Gigabit network connection
Because of the nature of the ETL imports, you are advised to have at least
a gigabit network connection between the Endpoint Manager, Software Use
Analysis, and DB2 servers.
Disk storage throughput
For large deployments, you are advised to have dedicated storage,
especially for the DB2 server. The expected disk speed for writing data is
approximately 400 MB/second.
Dividing the infrastructure into scan groups
It is critical for Software Use Analysis performance that you properly divide your
environment into scan groups and then schedule scans in those scan groups
accurately. If the configuration is not well-balanced, you might experience long
import times.
For environments larger than 35 000 endpoints, divide your endpoints into
separate scan groups. The system administrator can then set a different scanning
schedule for every scan group in your environment.
Example
If you have 60 000 endpoints, you can create six scan groups (every group
containing 10 000 endpoints). The first scan group has the scanning schedule set to
Monday, the second to Tuesday, and so on. Using this configuration, every
endpoint is scanned once a week. At the same time, the Endpoint Manager server
receives data only from 1/6 of your environment daily and for every daily import
Scalability Guidelines
7
the Software Use Analysis server needs to process data only from 10 000 endpoints
(instead of 60 000 endpoints). This environment configuration shortens the
Software Use Analysis import time.
The image below presents a scan schedule for an infrastructure that is divided into
six scan groups. You might achieve such a schedule after you implement
recommendations that are contained in this guide. The assumption is that both
software scans and imports of scan data to Software Use Analysis are scheduled to
take place at night, while uploads of scan data from the endpoints to the Endpoint
Manager server occur during the day.
If you have a powerful server computer and longer import time is not problematic,
you can create fewer scan groups with greater number of endpoints in the
Endpoint Manager console. Remember to monitor the import log to analyze the
amount of data that is processed and the time it takes to process it.
For information how to create scan groups, see the topic Computer groups that is
available in Endpoint Manager documentation.
Good practices for running scans and imports
After you enable the Software Use Analysis site in your Endpoint Manager
console, you should carefully plan the scanning activities and their schedule for
your deployment.
Plan the scanning schedule
After you find the optimal size of the scan group, set the scanning schedule.
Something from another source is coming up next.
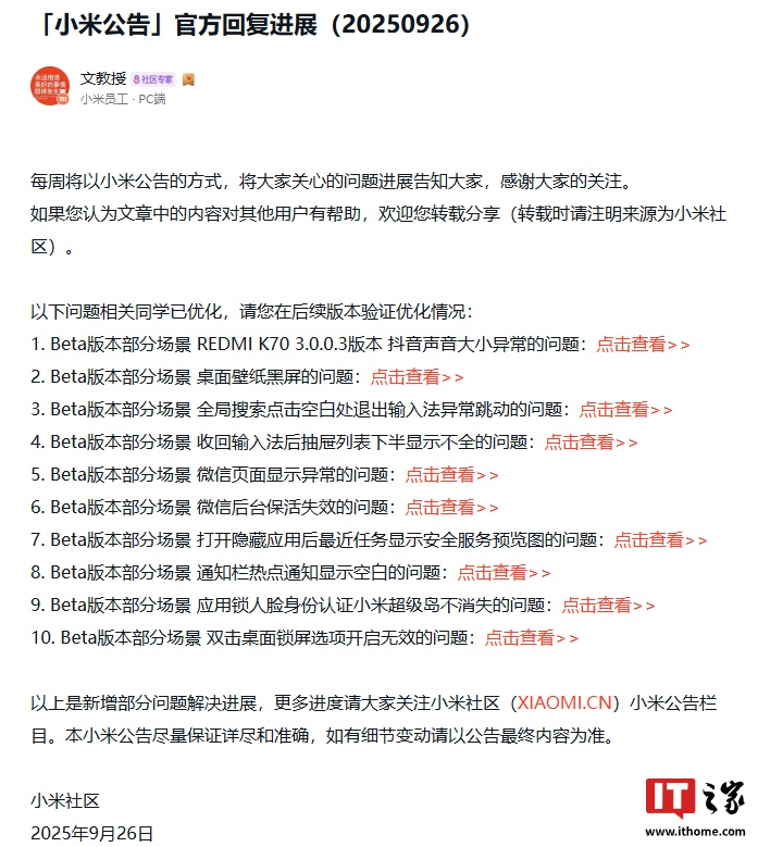 IT之家 9 月 28 日消息,小米员工本周在小米社区更新澎湃 HyperOS 的优化进展,其中提到用户所反馈的 Beta 版本部分场景桌面壁纸黑屏、微信页面显示异常 / 后台保活失效、打开隐藏应用后最近任务显示安全服务预览图等问题已优化,并表示用户升级后续版本后可验证优化情况。

It is
the frequency of software scan on an endpoint. The most common scanning
schedule is weekly so that every endpoint is scanned once a week. If your
environment has more than 100 000 endpoints, consider performing scans less
frequently, for example monthly.
Avoid scanning when it is not needed
The frequency of scans depends both on how often software products change on
the endpoints in your environment and also on your reporting needs. If you have
systems in your environment that have dynamically-changing software, you can
group such systems into a scan group (or groups) and set more frequent scans, for
example once a week. The remaining scan groups that contain computers with a
more stable set of software can be scanned less frequently, for example once a
month.
8
Limit the number of computer properties that are to be gathered
during scans
By default, the Software Use Analysis server includes four primary computer
properties from the Endpoint Manager server that is configured as the data source:
Computer Name, DNS Name, IP address, and Operating System. Imports can be
substantially longer if you specify more properties to be extracted from the
Endpoint Manager database and copied into the Software Use Analysis database
during each data import. As a good practice, limit the number of computer
properties to 10 (or fewer).
Ensure that scans and imports are scheduled to run at night
Some actions in the Software Use Analysis user interface cannot be processed
when an import is running. Thus, try to schedule imports when the application
administrator and Software Asset Manager are not using Software Use Analysis or
after they finished their daily work.
Run the initial import
It is a good practice to run the first (initial) import before you schedule any
software scans and activate any analyses.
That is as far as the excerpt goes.